--- Given records ---
((

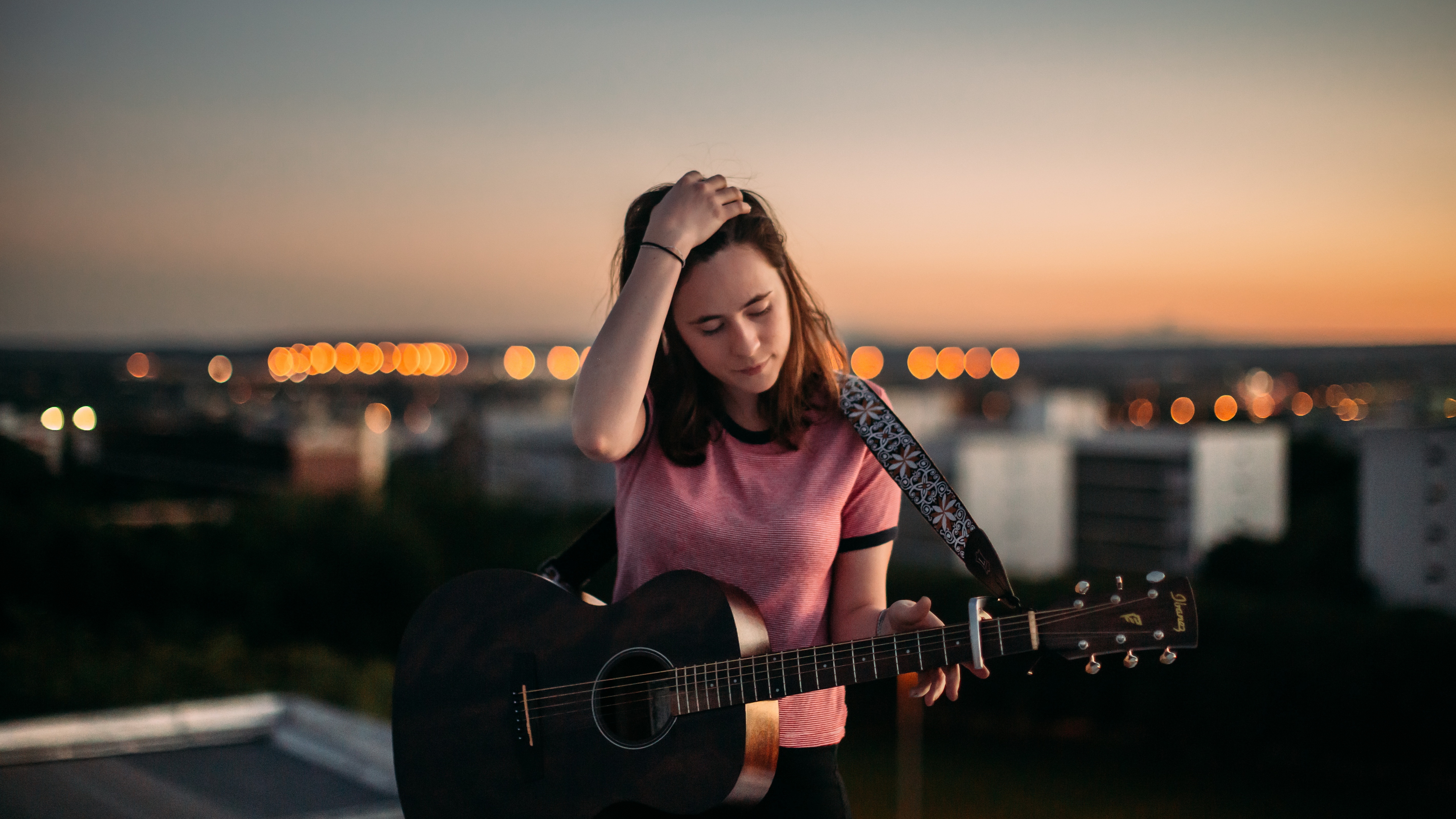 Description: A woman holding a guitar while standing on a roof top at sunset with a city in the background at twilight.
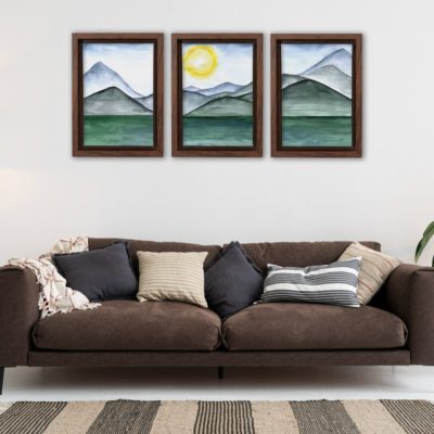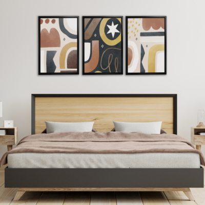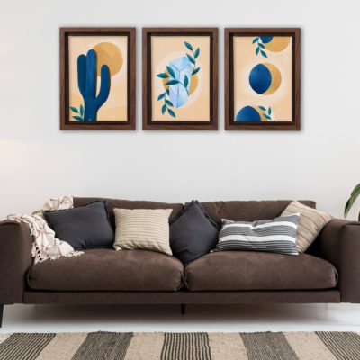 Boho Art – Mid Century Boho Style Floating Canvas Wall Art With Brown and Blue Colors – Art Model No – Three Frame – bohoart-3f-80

))
((

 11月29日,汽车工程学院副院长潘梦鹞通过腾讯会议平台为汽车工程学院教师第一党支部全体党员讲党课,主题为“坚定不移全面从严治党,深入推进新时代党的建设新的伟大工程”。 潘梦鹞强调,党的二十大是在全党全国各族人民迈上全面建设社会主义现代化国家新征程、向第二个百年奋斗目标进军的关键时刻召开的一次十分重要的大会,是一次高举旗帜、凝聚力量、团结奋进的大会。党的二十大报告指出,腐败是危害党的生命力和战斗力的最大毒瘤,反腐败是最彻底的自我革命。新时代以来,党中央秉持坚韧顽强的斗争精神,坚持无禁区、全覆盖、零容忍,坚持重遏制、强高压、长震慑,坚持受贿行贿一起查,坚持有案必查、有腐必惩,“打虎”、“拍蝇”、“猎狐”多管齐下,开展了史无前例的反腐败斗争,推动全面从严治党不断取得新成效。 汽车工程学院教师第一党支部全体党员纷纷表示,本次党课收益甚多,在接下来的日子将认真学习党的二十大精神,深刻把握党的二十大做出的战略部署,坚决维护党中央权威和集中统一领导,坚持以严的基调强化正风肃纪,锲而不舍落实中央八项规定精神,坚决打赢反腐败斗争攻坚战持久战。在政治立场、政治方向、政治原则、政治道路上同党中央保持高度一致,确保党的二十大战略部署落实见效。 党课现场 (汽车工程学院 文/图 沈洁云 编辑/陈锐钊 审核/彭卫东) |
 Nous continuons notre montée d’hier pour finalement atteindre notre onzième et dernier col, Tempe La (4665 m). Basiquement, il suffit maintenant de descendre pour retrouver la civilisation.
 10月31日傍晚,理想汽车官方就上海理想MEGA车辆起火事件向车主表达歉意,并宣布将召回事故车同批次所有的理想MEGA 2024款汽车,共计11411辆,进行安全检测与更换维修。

))

--- Your goal ---
Above are the entries. Quote exactly the lines from the one bearing "编辑/陈锐钊 审核/彭卫东) |" through the one bearing "10月31日傍晚,理想汽车官".

--- Output below ---
 11月29日,汽车工程学院副院长潘梦鹞通过腾讯会议平台为汽车工程学院教师第一党支部全体党员讲党课,主题为“坚定不移全面从严治党,深入推进新时代党的建设新的伟大工程”。 潘梦鹞强调,党的二十大是在全党全国各族人民迈上全面建设社会主义现代化国家新征程、向第二个百年奋斗目标进军的关键时刻召开的一次十分重要的大会,是一次高举旗帜、凝聚力量、团结奋进的大会。党的二十大报告指出,腐败是危害党的生命力和战斗力的最大毒瘤,反腐败是最彻底的自我革命。新时代以来,党中央秉持坚韧顽强的斗争精神,坚持无禁区、全覆盖、零容忍,坚持重遏制、强高压、长震慑,坚持受贿行贿一起查,坚持有案必查、有腐必惩,“打虎”、“拍蝇”、“猎狐”多管齐下,开展了史无前例的反腐败斗争,推动全面从严治党不断取得新成效。 汽车工程学院教师第一党支部全体党员纷纷表示,本次党课收益甚多,在接下来的日子将认真学习党的二十大精神,深刻把握党的二十大做出的战略部署,坚决维护党中央权威和集中统一领导,坚持以严的基调强化正风肃纪,锲而不舍落实中央八项规定精神,坚决打赢反腐败斗争攻坚战持久战。在政治立场、政治方向、政治原则、政治道路上同党中央保持高度一致,确保党的二十大战略部署落实见效。 党课现场 (汽车工程学院 文/图 沈洁云 编辑/陈锐钊 审核/彭卫东) |
 Nous continuons notre montée d’hier pour finalement atteindre notre onzième et dernier col, Tempe La (4665 m). Basiquement, il suffit maintenant de descendre pour retrouver la civilisation.
 10月31日傍晚,理想汽车官方就上海理想MEGA车辆起火事件向车主表达歉意,并宣布将召回事故车同批次所有的理想MEGA 2024款汽车,共计11411辆,进行安全检测与更换维修。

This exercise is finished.